Signed-off-by: Isaku Yamahata <isaku.yamahata@intel.com>
---
 arch/x86/include/asm/kvm-x86-ops.h |  1 +
 arch/x86/include/asm/kvm_host.h    |  1 +
 arch/x86/include/uapi/asm/kvm.h    |  1 +
 arch/x86/kvm/svm/svm.c             |  7 +++++++
 arch/x86/kvm/vmx/vmx.c             |  6 ++++++
 arch/x86/kvm/x86.c                 | 10 +++++++++-
 arch/x86/kvm/x86.h                 |  2 ++
 7 files changed, 27 insertions(+), 1 deletion(-)

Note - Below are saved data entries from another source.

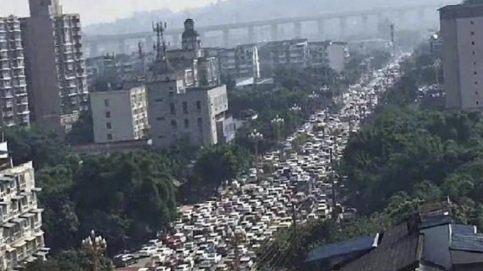 Hàng nghìn người lũ lượt tìm cách rời khỏi Lạc Sơn sau khi hay tin về màn khói trắng độc hại (ảnh: SCMP)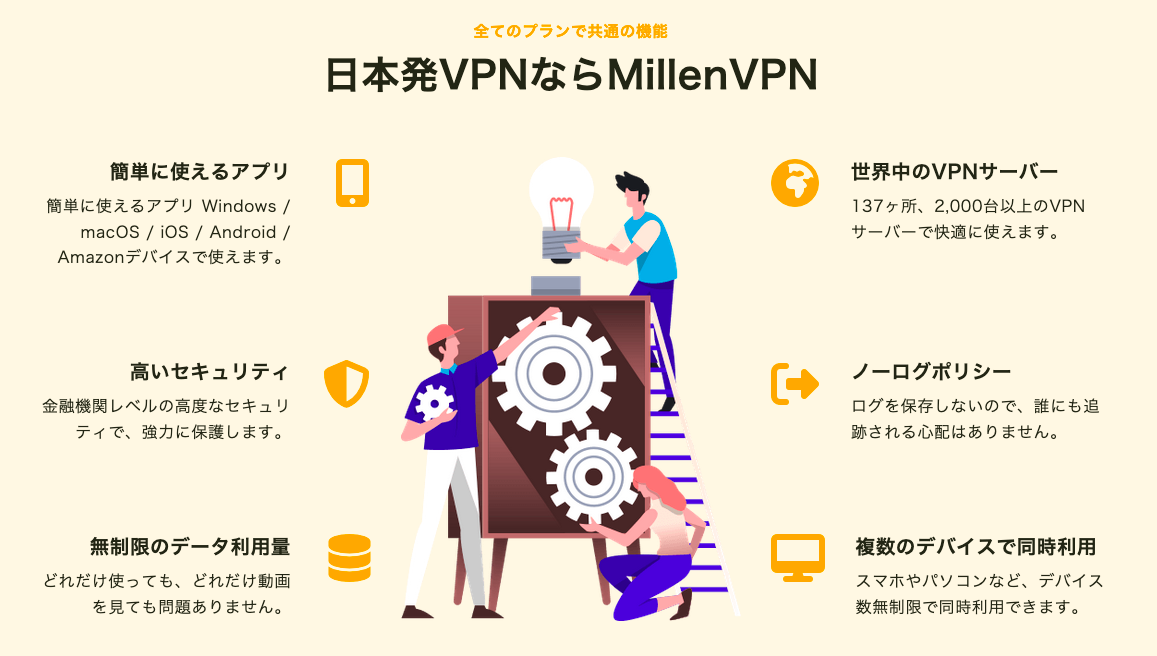 MillenVPNは、リーズナブルな価格にもかかわらず、高いセキュリティとノーログポリシーで、安全にインターネットを使えるVPNサービスです。1つのアカウントで無制限のデバイスに接続でき、スマホやPCなど複数の端末を同時に保護できます。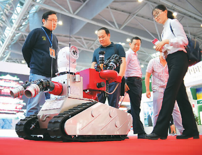 會場で展示されたロボット消防車(撮影?楊潔)。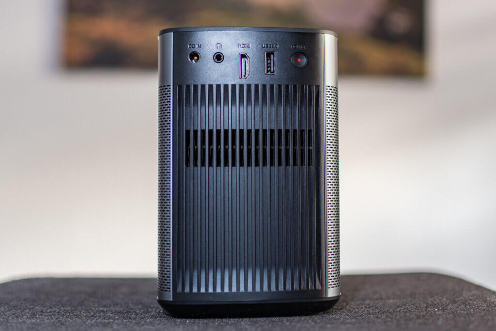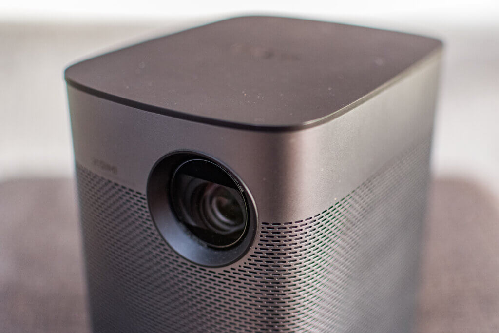 Vorbei ist die Zeit, als die Multimedia-Beamer nur groß und klobig waren. Die Hersteller bewerben ihre Produkte als mobile Geräte mit smarten Funktionen. Sowohl Xgimi Halo+ als auch Samsung The Freestyle überzeugen durch einen gefälligen Formfaktor: Ersterer kommt mit Maßen von 11,3 x 14,5 x 17,1 Zentimeter daher und bringt 1,6 Kilogramm auf die Waage. Die lichtstarke LED-Linse befindet sich in der rechten oberen Ecke. Damit schafft das Gerät einen angenehmen Abstand zur Unterlage. Ein schmaler Klappfuß lässt den Winkel nur geringfügig vergrößern. Rechts und links im Gehäuse befinden sich die Harman/Kardon Lautsprecher. Aber dazu später mehr.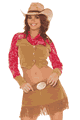 Fringe skirt, long sleeve top with attached vest, belt and handkerchif. Hat LEM9673.
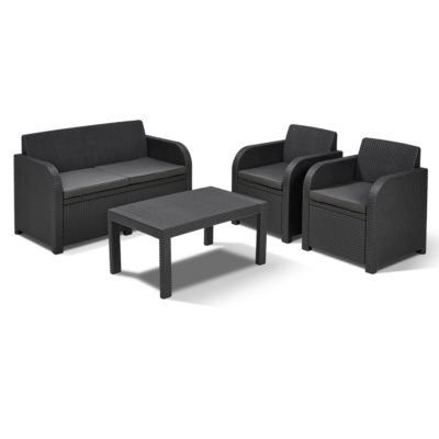 Keter Carolina Lounge Set - Graphite Relax in style while enjoying the view from your garden with this four piece lounge set comprising two chairs, two-seater sofa and coffee table. Perfect for gardens or conservatories, this rattan effect set is great for entertaining or unwinding on your own. Made from hard-wearing resin, it is sturdy and weather-resistant so you can leave it outside on rainy days, it's also UV and fade-resistant so you can enjoy it year after year. Set includes: 2 x chairs, sofa, coffee table. Chair dimensions: H77 x W67 x D65cm Table dimensions: H43 x W59 x D92cm Sofa dimensions: H77 x W67 x D129cm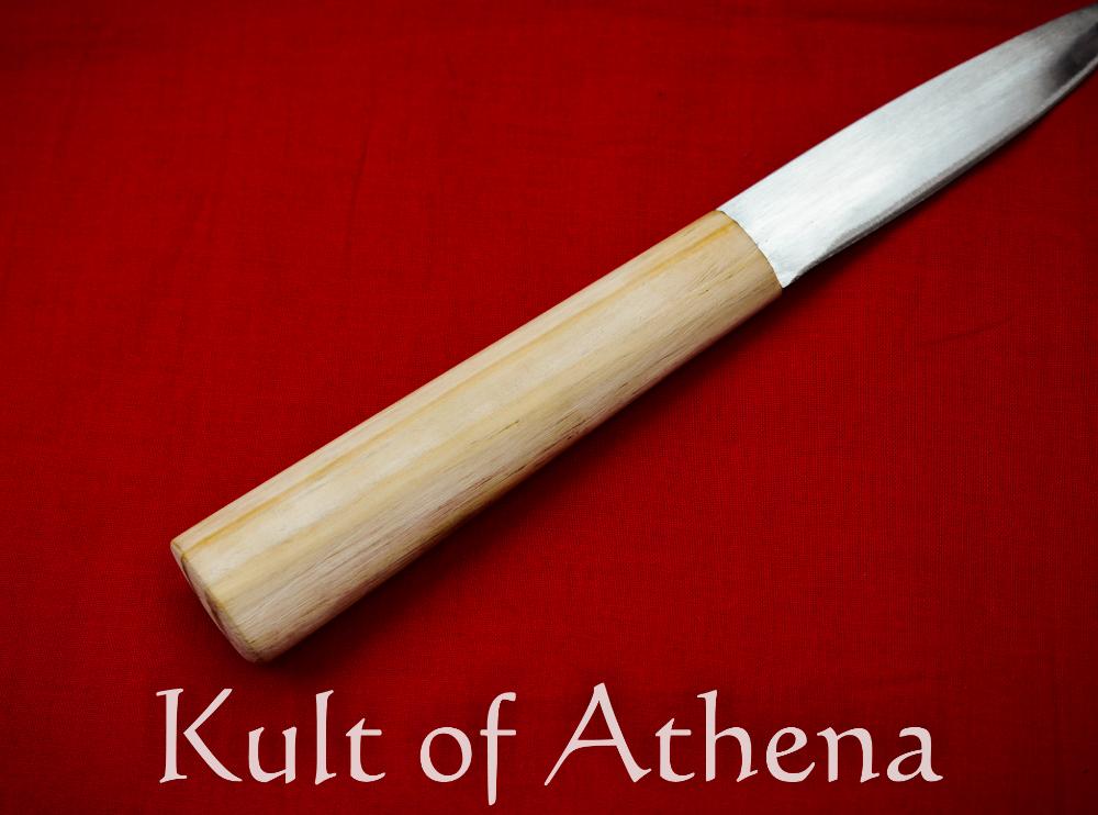 This small Viking age knife or seax replica is crafted in a configuration that we decided upon after long hours of research. It is very much like many of the knives that reside in museums throughout Europe and Scandinavia. Examples of this type of knife would have been found all over Viking age Scandinavia, Europe, and the Eastern-Rus territories as far as Novgorod. It is not an exact example of one particular knife, it is an amalgamation of many knives of the same shape and size. Knives like these were used every day for carving wood, peeling fruit, cutting rope, or trimming meat. It was the utilitarian belt knife of the period and as such would have been readily available in large trade centers such as Haithabu/Hedeby, Jorvik, and Birka.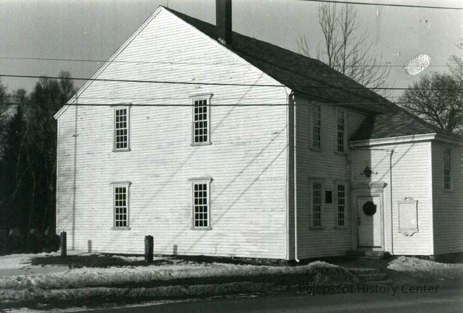 A B/W photograph of the Old Town Meeting House at Harpswell Center, Maine. Undated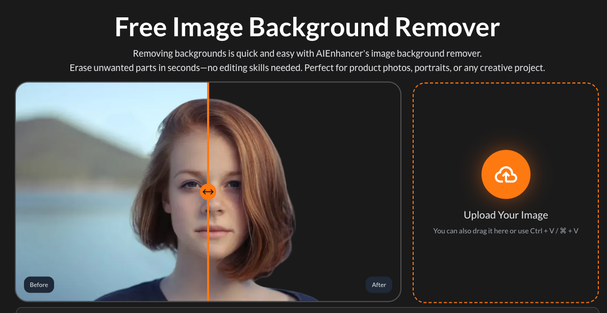 AIEnhancer makes background removal both simple and efficient. Instead of manually tracing edges or learning advanced editing steps, the tool handles everything automatically. Upload any image—product shots, portraits, graphics, or logos—and watch the background disappear in seconds. You don’t need editing experience, and you certainly don’t need expensive software. This free feature ensures smooth edges, clean cutouts, and ready-to-use transparent images for any project.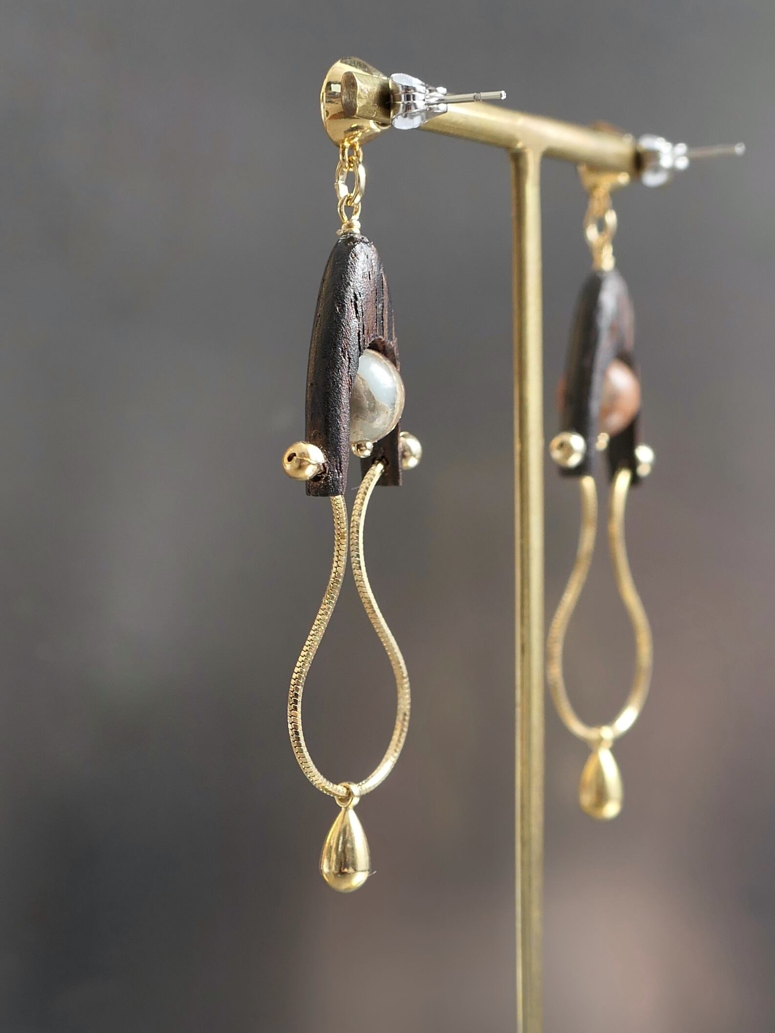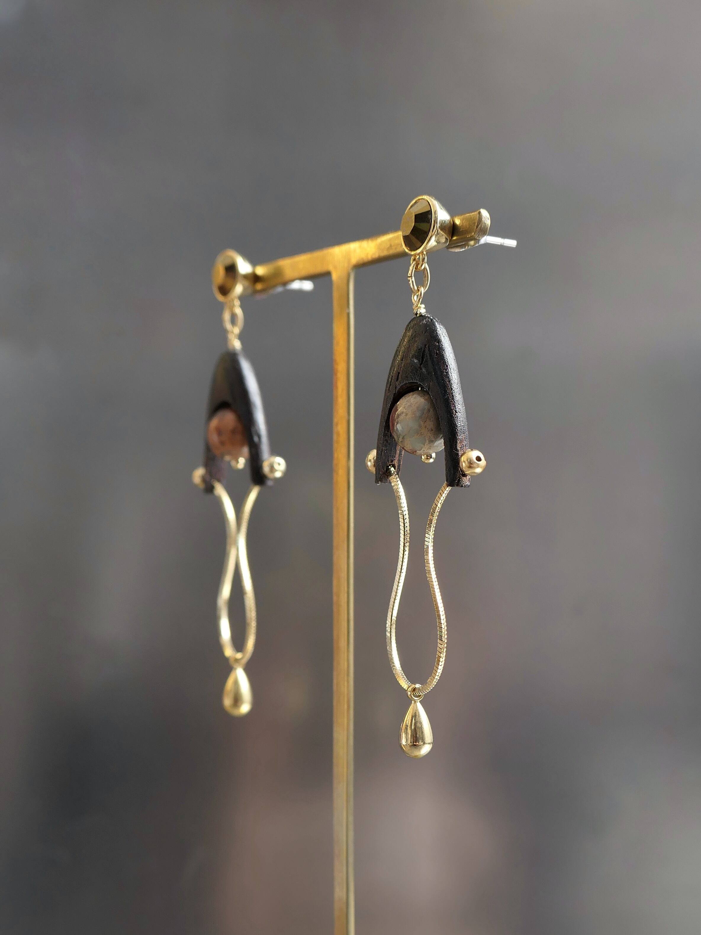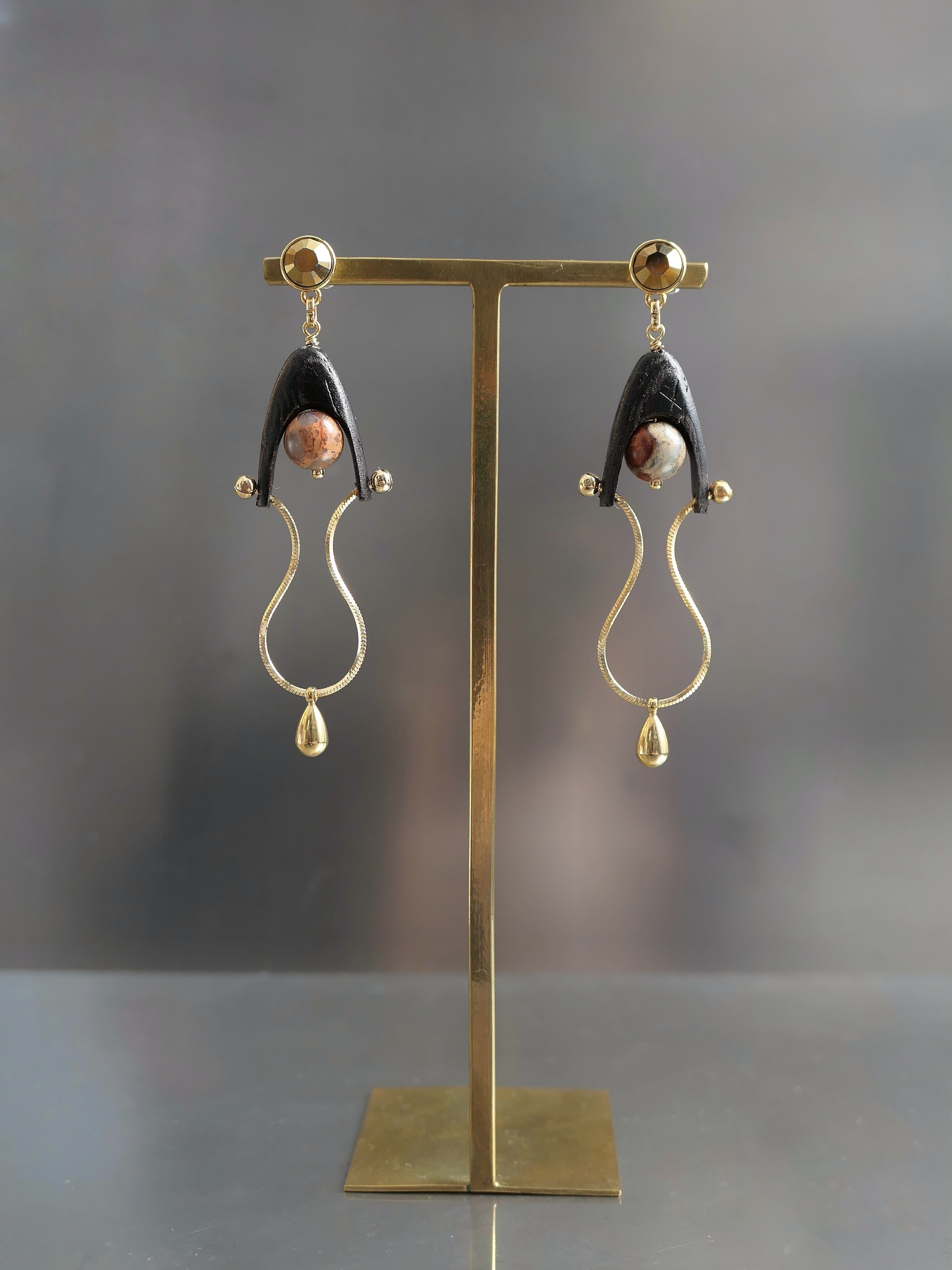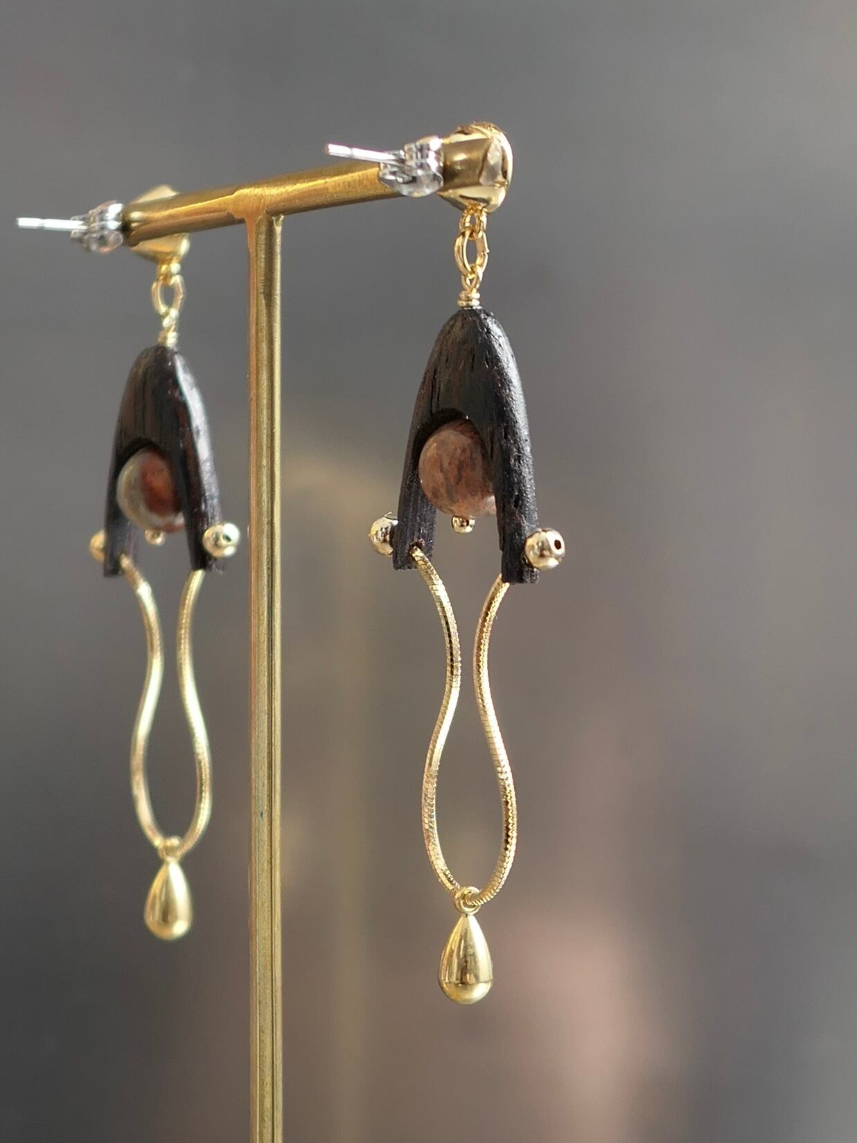 素材:木(ウエンジ)、硝子(SWAROVSKI社製のクリスタル)、天然石(インプレッションストーン)、真鍮、ステンレス(ピアスポスト)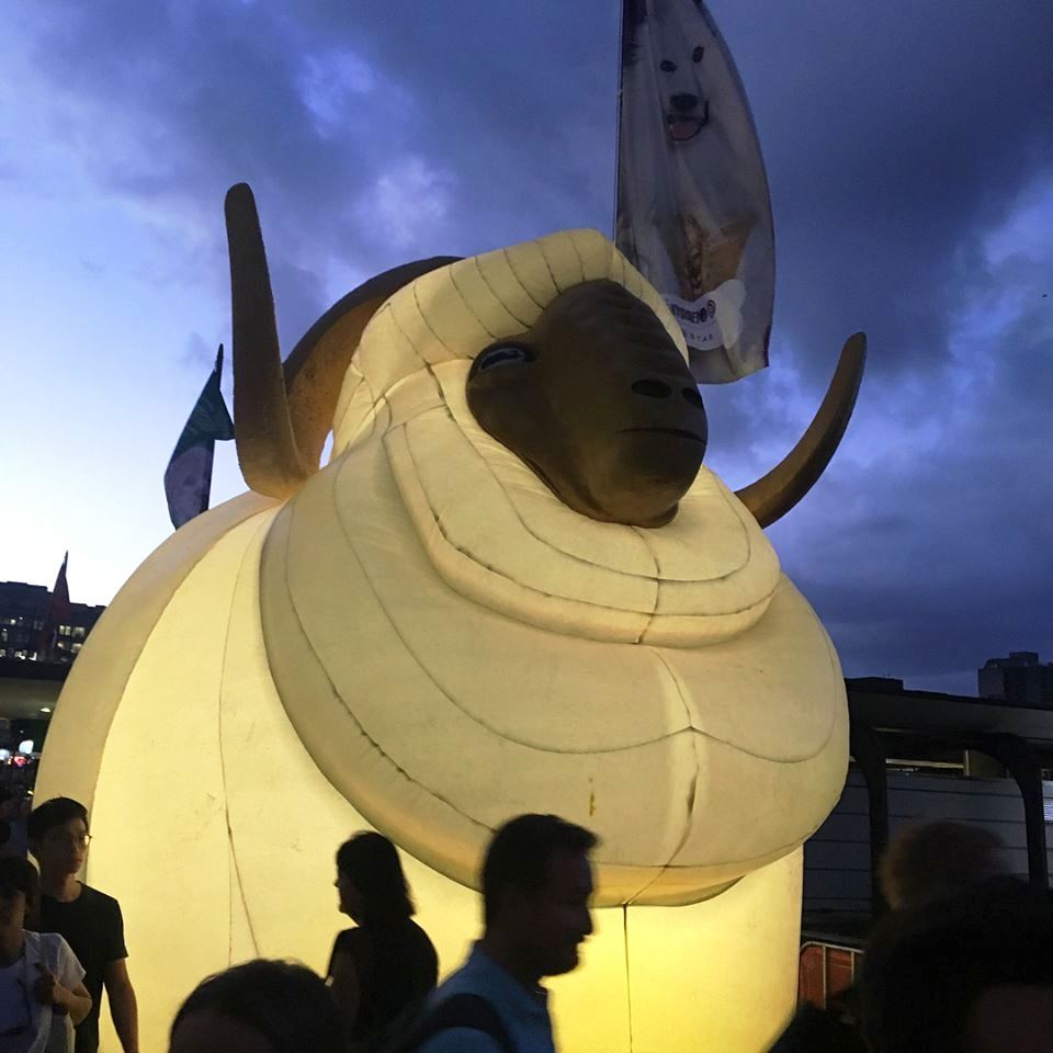 Mr Song created the fibreglass Dog lantern in memory of A-hei, giving it a wagging tail and a tongue that sticks out. It has been decorated with an inkwash paint finish, taking on traditional Chinese folk art colours and shape.

diff --git a/arch/x86/include/asm/kvm-x86-ops.h b/arch/x86/include/asm/kvm-x86-ops.h
index 13bc212cd4bc..c0143906fe6d 100644
--- a/arch/x86/include/asm/kvm-x86-ops.h
+++ b/arch/x86/include/asm/kvm-x86-ops.h
@@ -20,6 +20,7 @@ KVM_X86_OP(hardware_disable)
 KVM_X86_OP(hardware_unsetup)
 KVM_X86_OP(has_emulated_msr)
 KVM_X86_OP(vcpu_after_set_cpuid)
+KVM_X86_OP(is_vm_type_supported)
 KVM_X86_OP(vm_init)
 KVM_X86_OP_OPTIONAL(vm_destroy)
 KVM_X86_OP_OPTIONAL_RET0(vcpu_precreate)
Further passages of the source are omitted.